I have 2 containers one running on localhost:3001 and the other on localhost:3003

container localhost:3001 hits an endpoint thats running in the container localhost:3003 But gets a (failed)net::ERR_EMPTY_RESPONSE

I have tried multiple ways to get them to connect. Please don't tell me to setup a docker compose file. I should be able to spin up 2 containers and have them communicate with their ports.

I also tried adding a network.

docker network create my-network

Shows as: ea26d2eaf604   my-network   bridge    local

Then I spin up both containers with the flag --net my-network. When container localhost:3001 hits an endpoint thats running in the container localhost:3003 again I get a (failed)net::ERR_EMPTY_RESPONSE

This is driving me crazy. What am I doing wrong here ?

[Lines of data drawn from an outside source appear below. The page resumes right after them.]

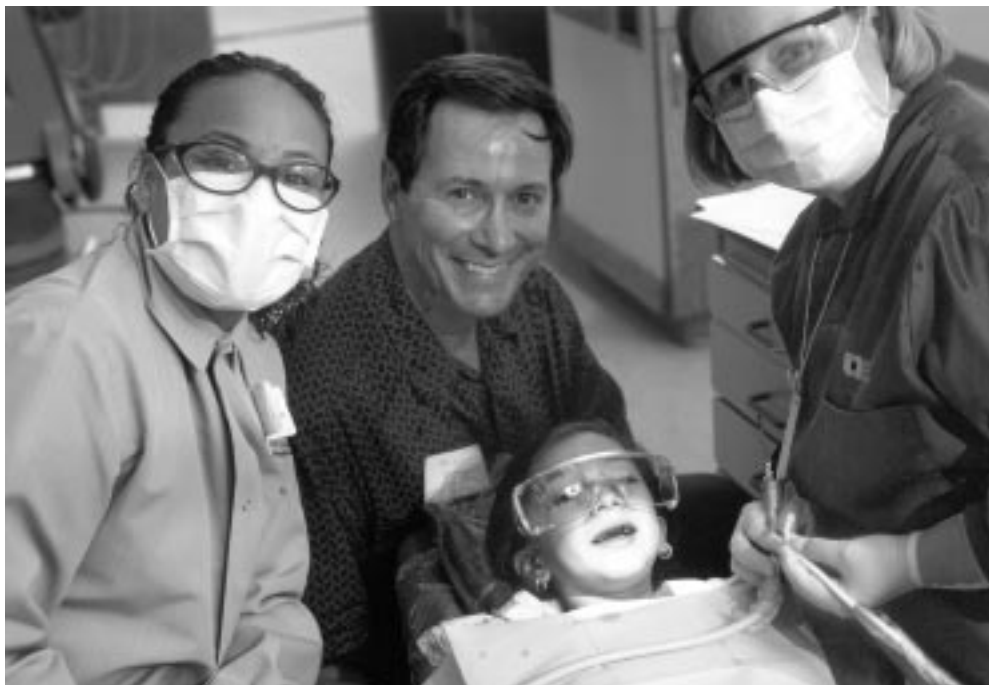
Nearly 200 children received care at Creighton through "Bright Smiles, Bright Futures."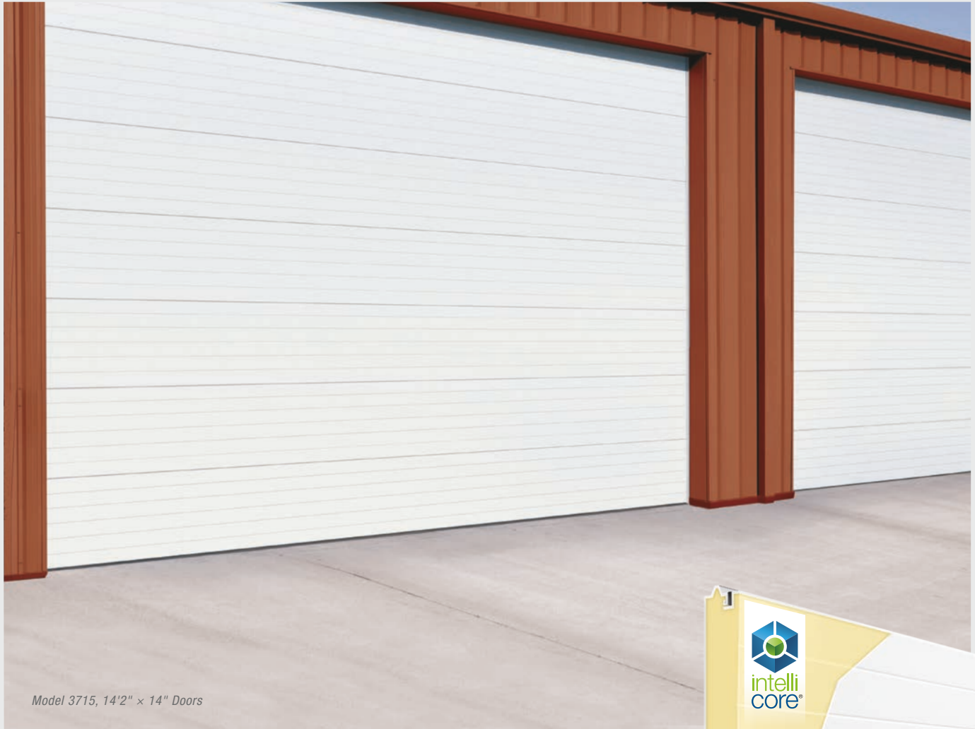
Model 3715, 14'2" x 14" Doors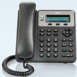
Single line SIP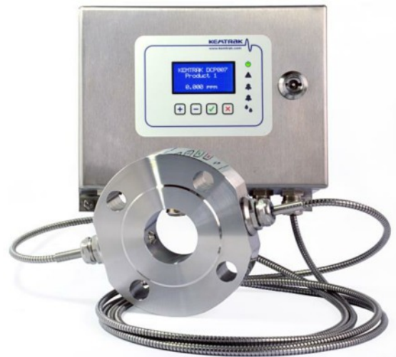
Figure 3: Kemtrak DCP007 NIR photometer with DIN DN50 measurement cell.

Turbid emulsions are accurately measured using the reference wavelength of a Kemtrak DCP007 NIR photometer, allowing both dissolved and suspended water to be monitored. Alternatively, a Kemtrak TC007 turbidimeter is suitable for monitoring water at concentrations above the solubility point. The instruments are calibrated in units of ppm water, providing an accurate measurement of the water content of the sample.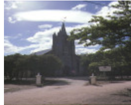
1 st andrews uniting church beechworth front view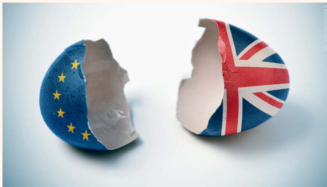
The majority of British voters in the referendum has decided to split from the European Union.

UK dentistry is directly affected by EU legislation in a num-

I have even used shell to run a curl from localhost:3001 to localhost:3003 and I get

to curl: (7) Failed to connect to localhost port 3003 after 0 ms: Connection refused

CodePudding user response:

When you place both machines on the same network, they are able to reference each other by their service/container name. (not localhost - as localhost is a local loopback on each container). Using a dedicated network would be the ideal way to connect from container to container.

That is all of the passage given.